= Conservas Ramirez =

Portuguese producer of canned fish products

Ramirez & Cia (Filhos), SA is a Portuguese producer of canned fish products, such as tuna and sardines with tomato sauce. It also produces other foodstuffs such as canned salads. Manuel Guerreiro Ramirez, great-grandson of the founder Sebastian Ramirez, was the owner until his death in 2022.

==Profile and history==
The company was founded in 1853. As the first canned fish undertaking in the country, the Vila Real de Santo António plant in the southern Portuguese region of Algarve was the cradle of the sector in Portugal. Applying the principle discovered by Nicholas Appert, and later drawn up into the theories of Louis Pasteur, it revolutionized the concept of food conservation in Portugal. At the start of the 20th century, exportation of products began and the first sardine steam ship was launched to the sea (in 1908), it was named Nossa Senhora da Encarnação. By the 2000s, with 250 employees, it had plants in Leça da Palmeira and Peniche, and sold 40 million cans/year exporting 45% of its production which is commercialized under its own brands.

==Internationalization==
Created in 1853 Ramirez is present in the Portuguese market and in 50 international markets with a range of 55 canned fish varieties and sixteen brands.
Ramirez's internationalization process began at the end of the 19th century, creating brands such as Cocagne in the Benelux countries (exported since 1906). Tomé in the Philippines, Canada, and the United States, Al-Fares in the Arab world, or Gabriel in South Africa are all brands of the Portuguese company. Exportation of Ramirez's canned fish products continues to grow in the markets of Austria, Spain, Belgium, the Netherlands, Luxembourg, France, Brazil, England, Switzerland, South Africa, Canada, USA, Venezuela, Angola, Mozambique, Germany, Israel, Japan, China, and Australia.

==Quality certification==
Ramirez possesses its own laboratory and complies with the HACCP system. The Ramirez quality control system has been ratified by control departments such as the Canadian Fisheries Inspection Agency (CFIA), South African Bureau Standards (SABS), European Food Safety Inspection Service (EFSIS), Food and Drugs Administration (FDA of the USA).

Ramirez has obtained the Quality Management System certification, governed by the NP EN ISO 9001:2000 standard, attributed by SGS, a quality certification service.
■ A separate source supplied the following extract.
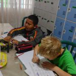 Em seguida, os alunos leram frases de ensinamento que Zé Quest apresenta, reforçando valores e boas atitudes no trânsito. Também realizaram uma atividade de ligar números e letras para completar um caça-palavras relacionado ao trânsito, estimulando a concentração e o raciocínio. Os alunos desenharam o personagem principal que desejaram e escreveram uma mensagem para ele .

Ramirez has become the first Portuguese canned fish company to be accredited by SGS.

==Healthy eating==
The Ramirez Nutrition Centre, CENUTRA, set up by Ramirez, with scientific support from the Faculty of Nutrition and Food Sciences (Faculdade de Ciências da Nutrição e Alimentação) of Porto University, sponsors scientific research in health, nutrition and food sciences, especially geared towards canned fish and its benefits.

The CENUTRA aims to seek scientific knowledge that will lead to a healthy diet and disseminate it among the community.
The goal is to help to promote the Mediterranean diet. Canned sardines have a high content of proteins and also vitamins B1, B2, PP, calcium, phosphorus, iron and copper.

==Sponsorship==

=== Education and science ===
As a sponsor of the “Hypercluster da Economia do Mar” (Hypercluster of the Sea Economy), RAMIREZ seeks through these synergies with the Porto Sea Life Center to raise awareness among the population of conservation of sea life and the strategic importance of the sea for Portugal and the planet earth.

=== Sports ===
As of 2022, Conservas Ramirez is the main jersey sponsor of the men's professional basketball team of Sport Lisboa e Benfica.